# Neural Recurrent Sequence Labeling Model for Open-Domain Factoid Question Answering
This model implements the work in the following paper:
Peng Li, Wei Li, Zhengyan He, Xuguang Wang, Ying Cao, Jie Zhou, and Wei Xu. Dataset and Neural Recurrent Sequence Labeling Model for Open-Domain Factoid Question Answering. [arXiv:1607.06275](https://arxiv.org/abs/1607.06275).
If you use the dataset/code in your research, please cite the above paper:
```text
@article{li:2016:arxiv,
author = {Li, Peng and Li, Wei and He, Zhengyan and Wang, Xuguang and Cao, Ying and Zhou, Jie and Xu, Wei},
title = {Dataset and Neural Recurrent Sequence Labeling Model for Open-Domain Factoid Question Answering},
journal = {arXiv:1607.06275v2},
year = {2016},
url = {https://arxiv.org/abs/1607.06275v2},
}
```
# Installation
1. Install PaddlePaddle v0.10.5 by the following commond. Note that v0.10.0 is not supported.
```bash
# either one is OK
# CPU
pip install paddlepaddle
# GPU
pip install paddlepaddle-gpu
```
2. Download the [WebQA](http://idl.baidu.com/WebQA.html) dataset by running
```bash
cd data && ./download.sh && cd ..
```
#Hyperparameters
All the hyperparameters are defined in `config.py`. The default values are aligned with the paper.
# Training
Training can be launched using the following command:
```bash
PYTHONPATH=data/evaluation:$PYTHONPATH python train.py 2>&1 | tee train.log
```
# Validation and Test
WebQA provoides two versions of validation and test sets. Automatic valiation and test can be lauched by
```bash
PYTHONPATH=data/evaluation:$PYTHONPATH python val_and_test.py models [ann|ir]
```
where
* `models`: the directory where model files are stored. You can use `models` if `config.py` is not changed.

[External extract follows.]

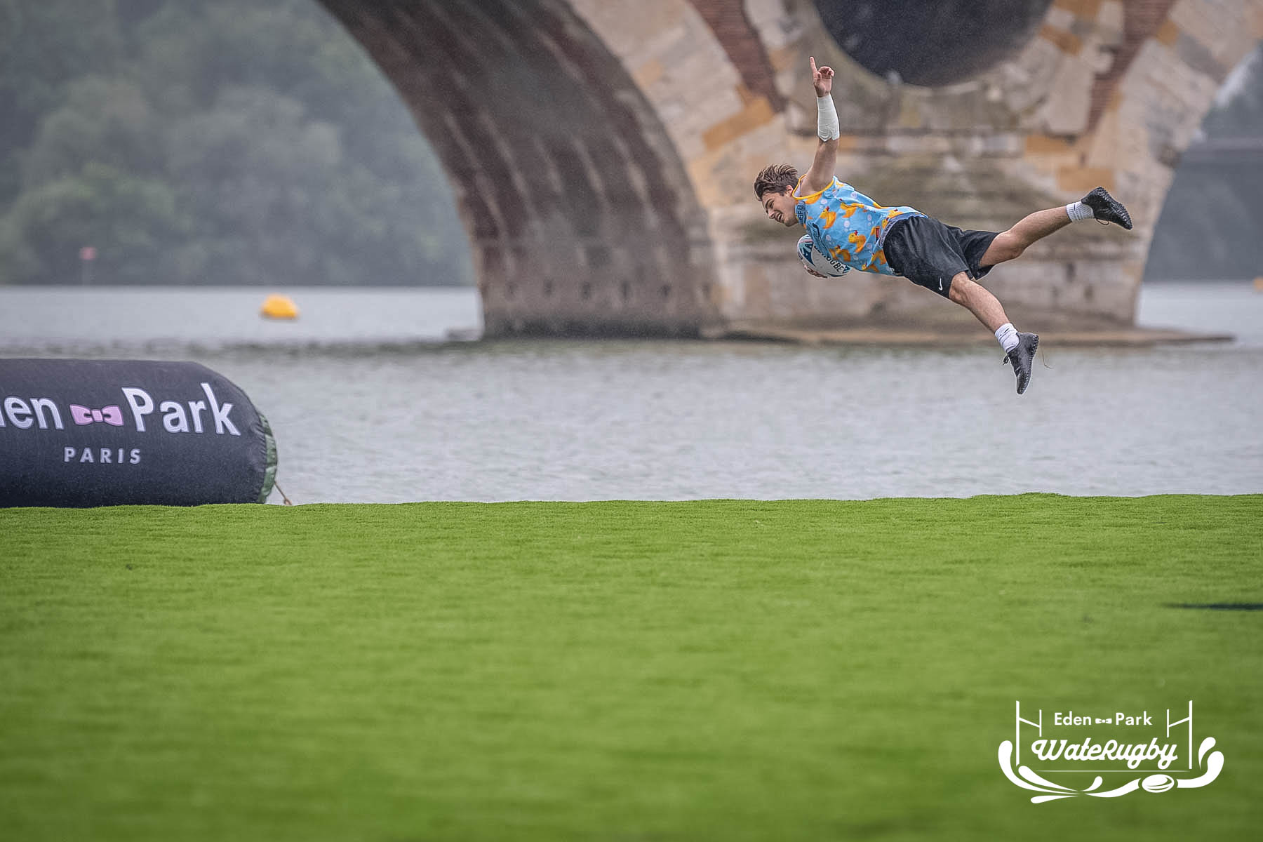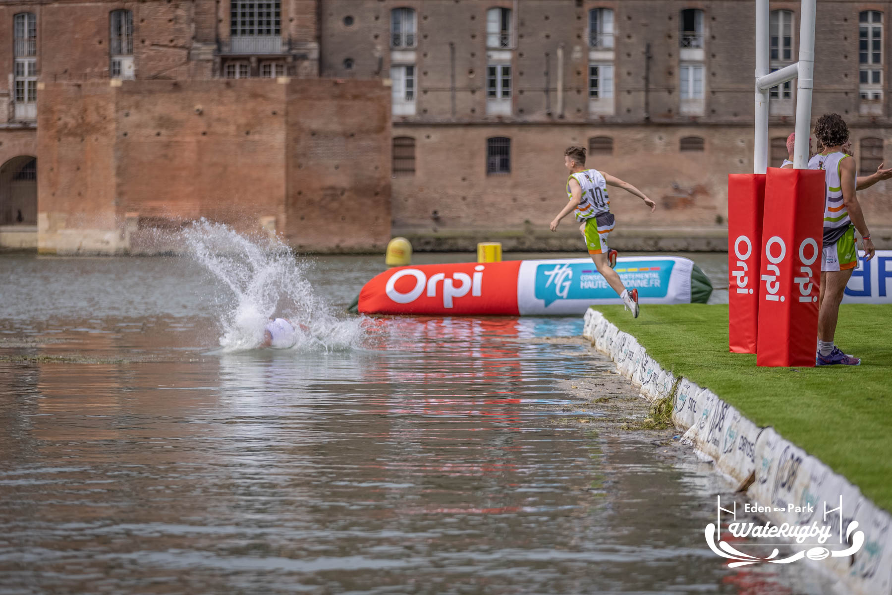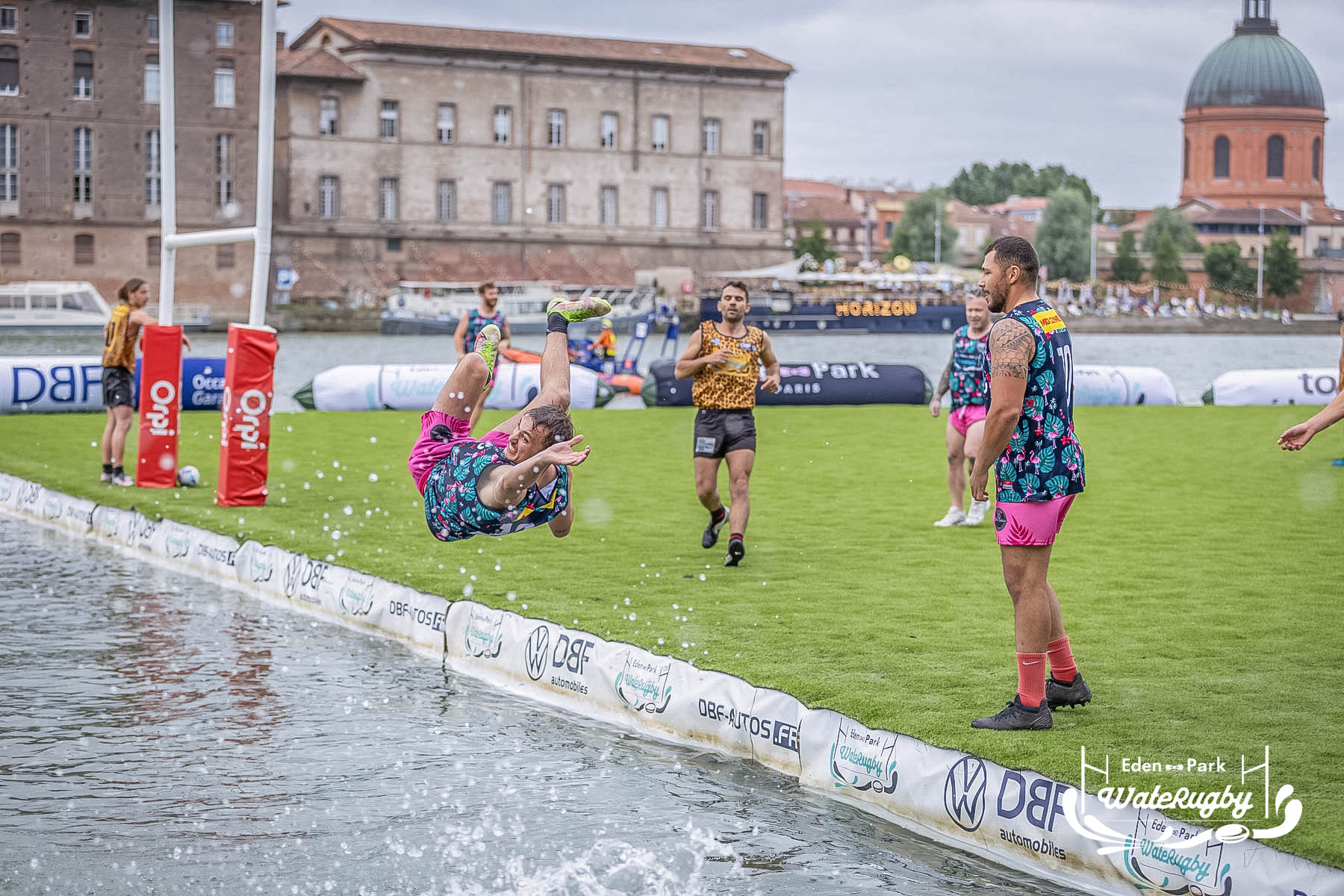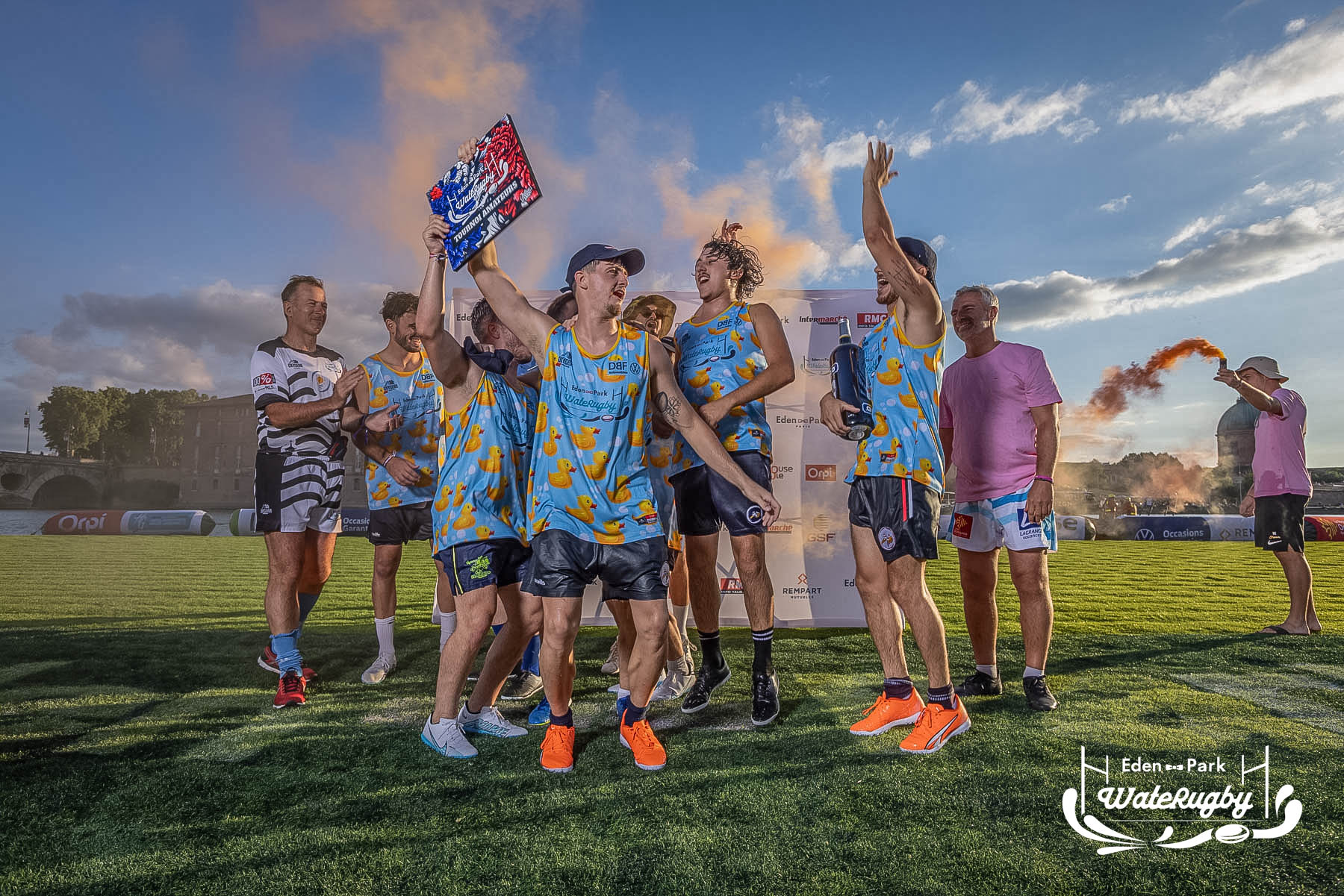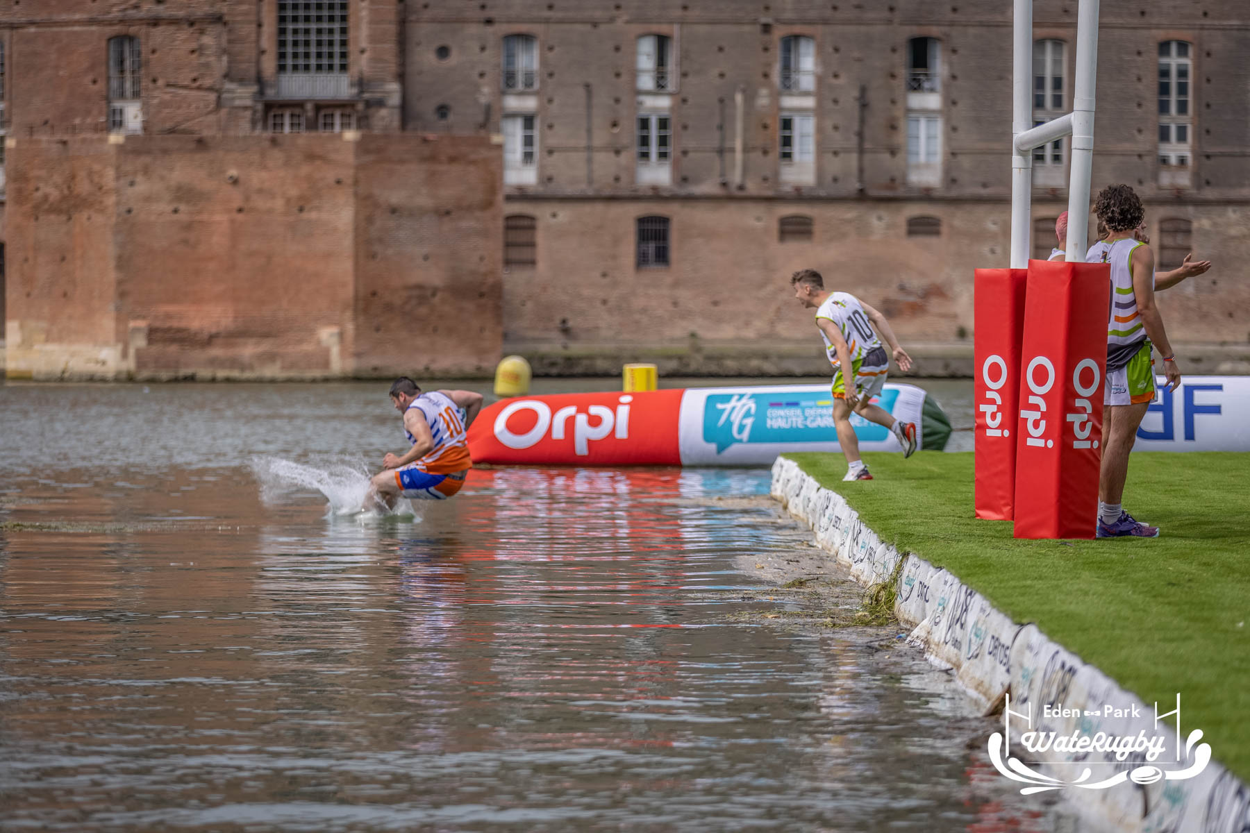 Compétition de rugby sur une barge sur la Garonne en plein centre de Toulouse

* `ann`: using the validation and test sets with annotated evidence.
* `ir`: using the validation and test sets with retrieved evidence.
Note that validation and test can run simultaneously with training. `val_and_test.py` will handle the synchronization related problems.
Intermediate results are stored in the directory `tmp`. You can delete them safely after validation and test.
The results should be comparable with those shown in Table 3 in the paper.
# Inferring using a Trained Model
Infer using a trained model by running:
```bash
PYTHONPATH=data/evaluation:$PYTHONPATH python infer.py \
MODEL_FILE \
INPUT_DATA \
OUTPUT_FILE \
2>&1 | tee infer.log
```
where
* `MODEL_FILE`: a trained model produced by `train.py`.
* `INPUT_DATA`: input data in the same format as the validation/test sets of the WebQA dataset.
* `OUTPUT_FILE`: results in the format specified in the WebQA dataset for the evaluation scripts.